§ **Supplied information**:
__________

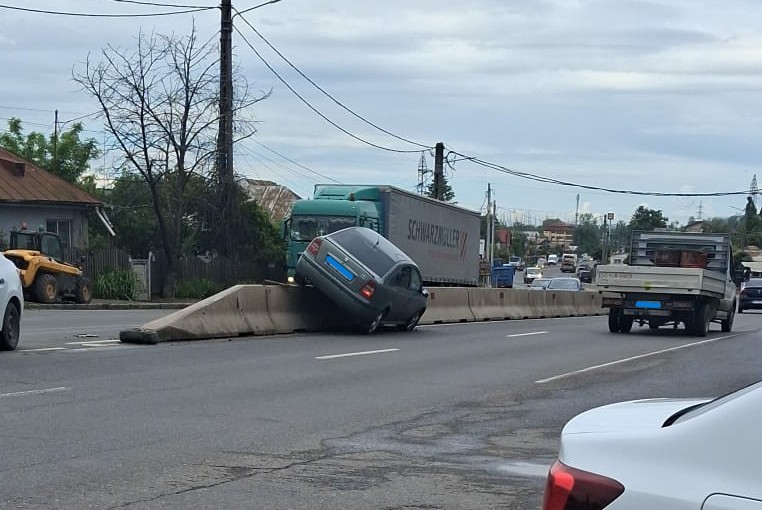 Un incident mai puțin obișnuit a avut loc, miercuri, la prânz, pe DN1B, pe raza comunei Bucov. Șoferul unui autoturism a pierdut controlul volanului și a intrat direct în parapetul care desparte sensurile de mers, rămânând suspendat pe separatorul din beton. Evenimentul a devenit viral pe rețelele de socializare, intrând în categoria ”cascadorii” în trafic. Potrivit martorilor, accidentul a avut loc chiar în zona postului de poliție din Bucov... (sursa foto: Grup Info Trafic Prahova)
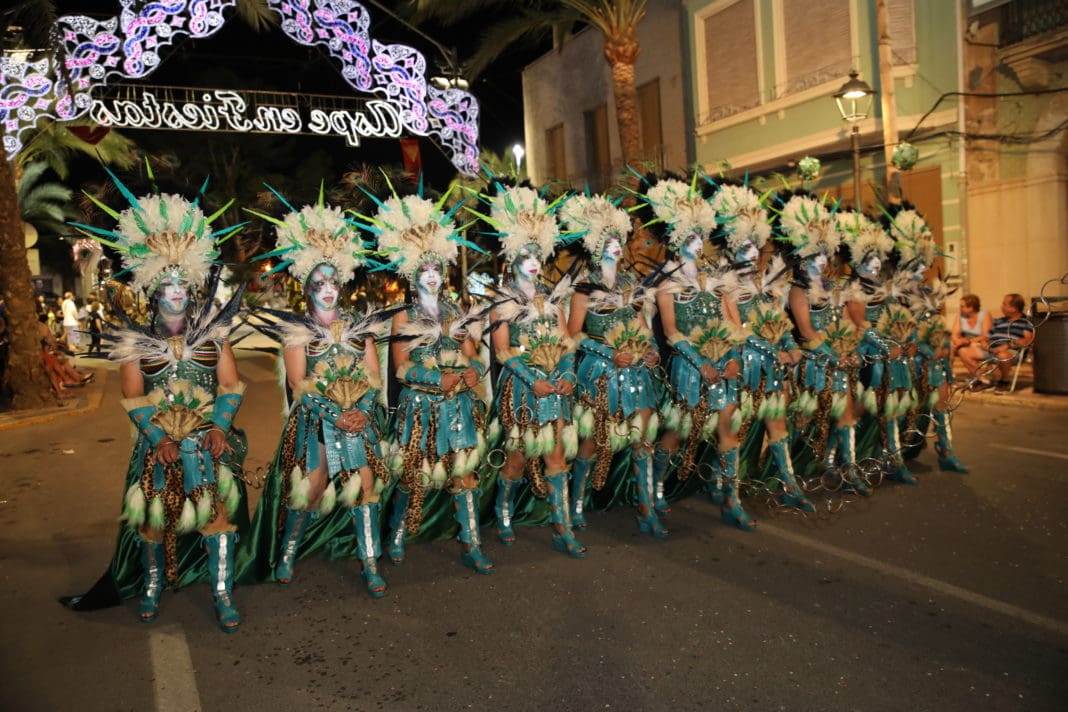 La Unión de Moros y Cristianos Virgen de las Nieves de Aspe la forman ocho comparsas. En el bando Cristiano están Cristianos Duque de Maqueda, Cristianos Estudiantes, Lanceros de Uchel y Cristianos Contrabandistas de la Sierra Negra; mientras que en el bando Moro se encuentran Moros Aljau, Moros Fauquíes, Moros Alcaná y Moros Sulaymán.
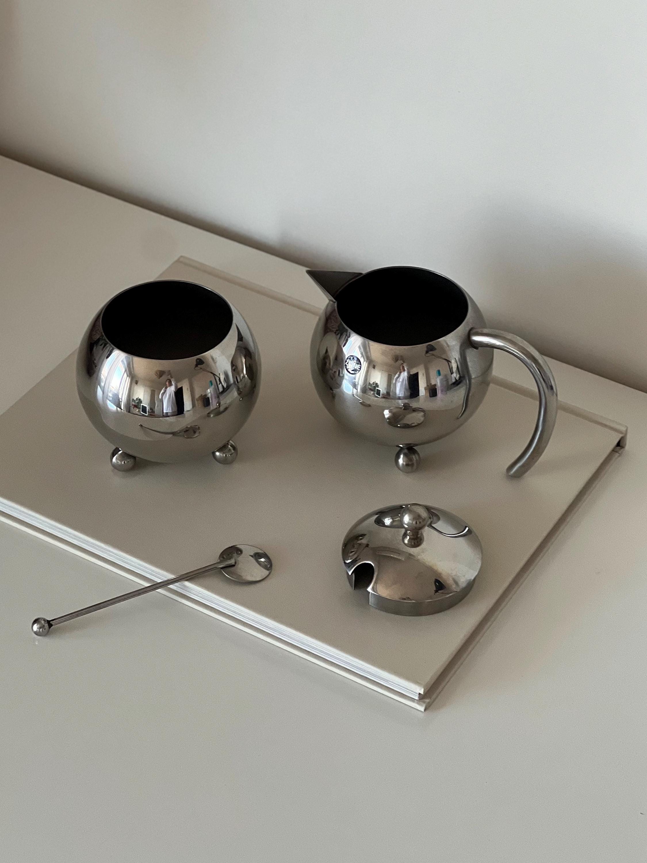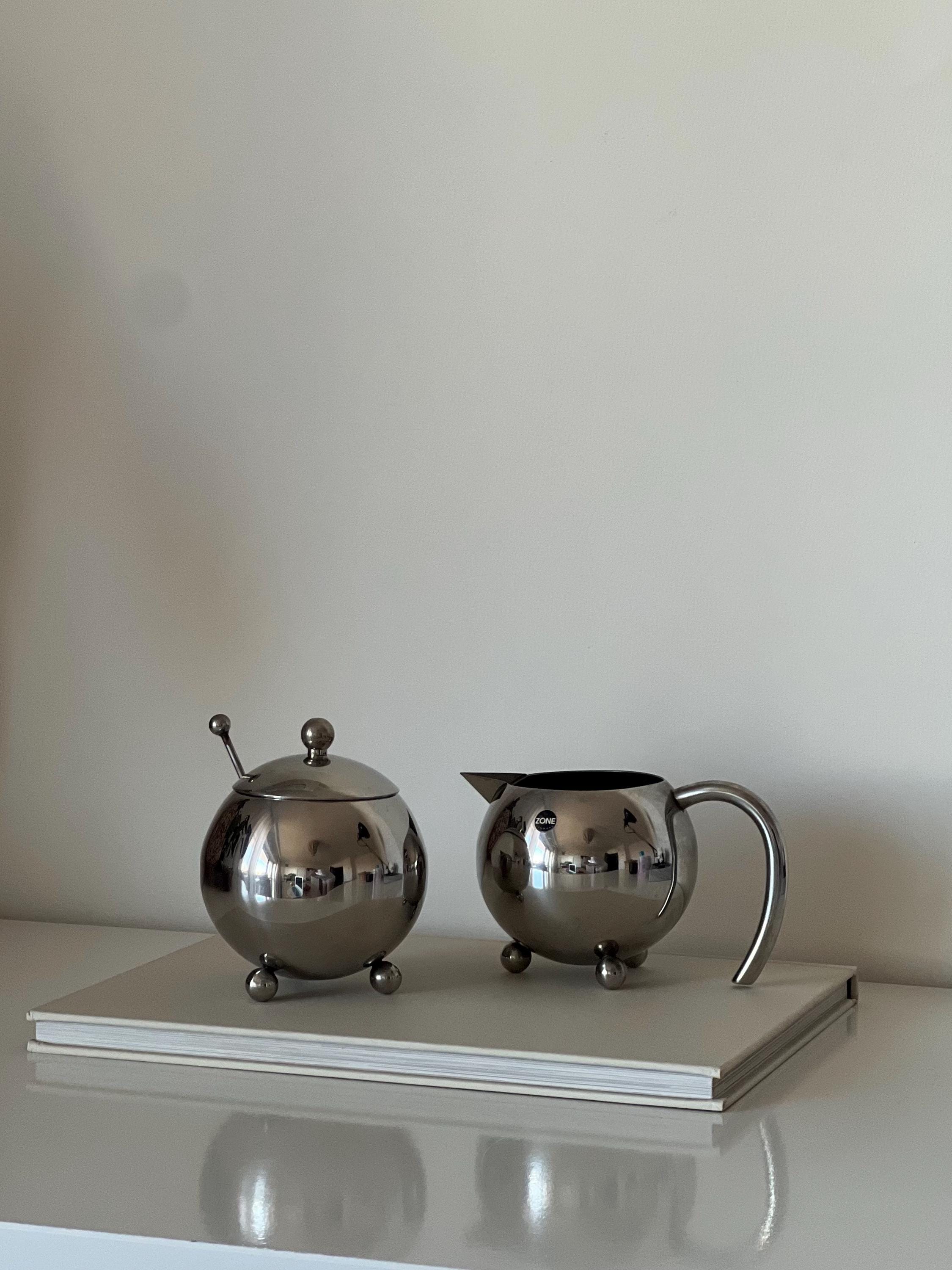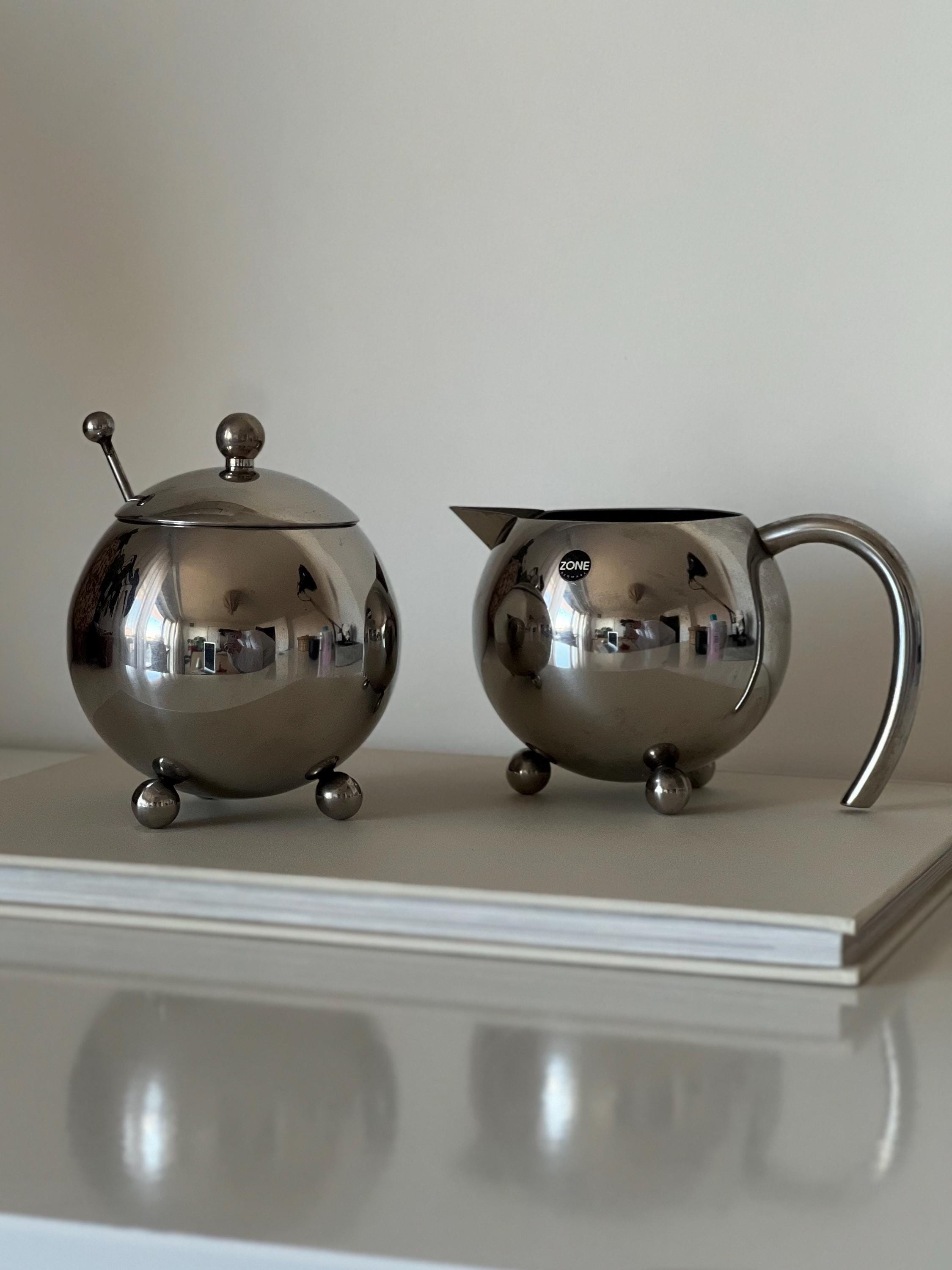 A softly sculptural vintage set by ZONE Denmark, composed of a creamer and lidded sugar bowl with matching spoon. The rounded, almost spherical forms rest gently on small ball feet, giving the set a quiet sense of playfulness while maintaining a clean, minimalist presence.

__________

§ **Task to complete**: Give all of the material again, exactly, apart from the pictures.

§ **Your solution**:
 Un incident mai puțin obișnuit a avut loc, miercuri, la prânz, pe DN1B, pe raza comunei Bucov. Șoferul unui autoturism a pierdut controlul volanului și a intrat direct în parapetul care desparte sensurile de mers, rămânând suspendat pe separatorul din beton. Evenimentul a devenit viral pe rețelele de socializare, intrând în categoria ”cascadorii” în trafic. Potrivit martorilor, accidentul a avut loc chiar în zona postului de poliție din Bucov... (sursa foto: Grup Info Trafic Prahova)
 La Unión de Moros y Cristianos Virgen de las Nieves de Aspe la forman ocho comparsas. En el bando Cristiano están Cristianos Duque de Maqueda, Cristianos Estudiantes, Lanceros de Uchel y Cristianos Contrabandistas de la Sierra Negra; mientras que en el bando Moro se encuentran Moros Aljau, Moros Fauquíes, Moros Alcaná y Moros Sulaymán.
 A softly sculptural vintage set by ZONE Denmark, composed of a creamer and lidded sugar bowl with matching spoon. The rounded, almost spherical forms rest gently on small ball feet, giving the set a quiet sense of playfulness while maintaining a clean, minimalist presence.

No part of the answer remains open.